PROBLEM DESCRIPTION | Below are several entries. Transcribe exactly those lines that fall from the one with "ANRABESS Womens 2025" through the one with "ピンクプレイヤーがすでに緑ダ", end lines included.

THE RECORDS |
----------------

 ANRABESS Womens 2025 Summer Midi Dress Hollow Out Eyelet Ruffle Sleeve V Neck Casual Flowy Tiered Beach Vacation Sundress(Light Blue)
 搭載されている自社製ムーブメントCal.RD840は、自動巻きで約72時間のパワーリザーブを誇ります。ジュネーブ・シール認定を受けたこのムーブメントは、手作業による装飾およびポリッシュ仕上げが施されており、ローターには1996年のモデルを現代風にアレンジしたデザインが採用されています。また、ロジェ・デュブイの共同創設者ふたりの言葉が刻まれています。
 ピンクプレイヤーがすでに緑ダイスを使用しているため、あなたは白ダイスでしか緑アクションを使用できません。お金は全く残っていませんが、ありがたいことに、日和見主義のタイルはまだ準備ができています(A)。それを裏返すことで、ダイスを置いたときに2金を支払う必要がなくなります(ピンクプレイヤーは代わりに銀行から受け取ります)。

----------------

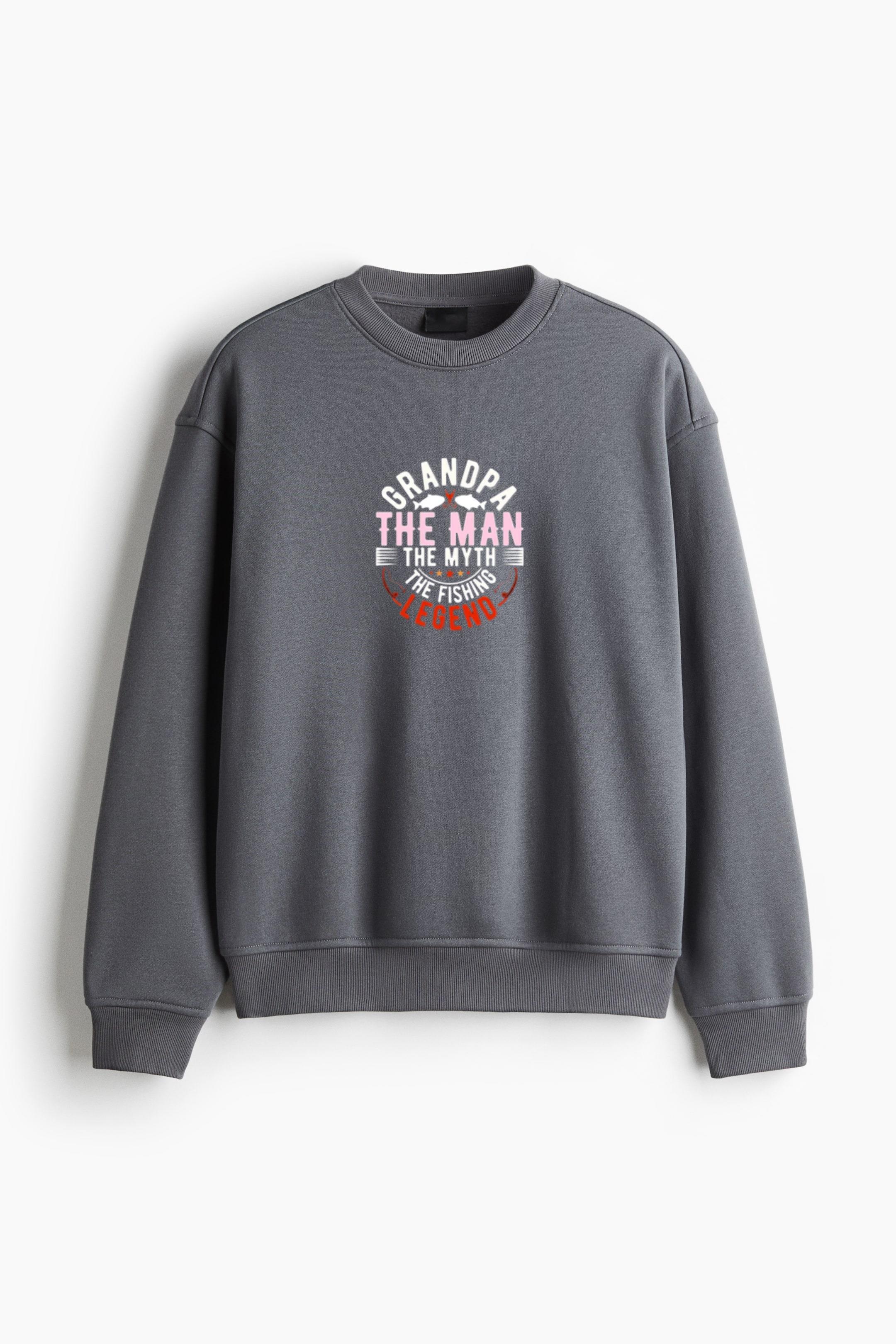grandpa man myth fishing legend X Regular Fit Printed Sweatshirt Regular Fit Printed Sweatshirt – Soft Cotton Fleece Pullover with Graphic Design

----------------

ANSWER |
 ANRABESS Womens 2025 Summer Midi Dress Hollow Out Eyelet Ruffle Sleeve V Neck Casual Flowy Tiered Beach Vacation Sundress(Light Blue)
 搭載されている自社製ムーブメントCal.RD840は、自動巻きで約72時間のパワーリザーブを誇ります。ジュネーブ・シール認定を受けたこのムーブメントは、手作業による装飾およびポリッシュ仕上げが施されており、ローターには1996年のモデルを現代風にアレンジしたデザインが採用されています。また、ロジェ・デュブイの共同創設者ふたりの言葉が刻まれています。
 ピンクプレイヤーがすでに緑ダイスを使用しているため、あなたは白ダイスでしか緑アクションを使用できません。お金は全く残っていませんが、ありがたいことに、日和見主義のタイルはまだ準備ができています(A)。それを裏返すことで、ダイスを置いたときに2金を支払う必要がなくなります(ピンクプレイヤーは代わりに銀行から受け取ります)。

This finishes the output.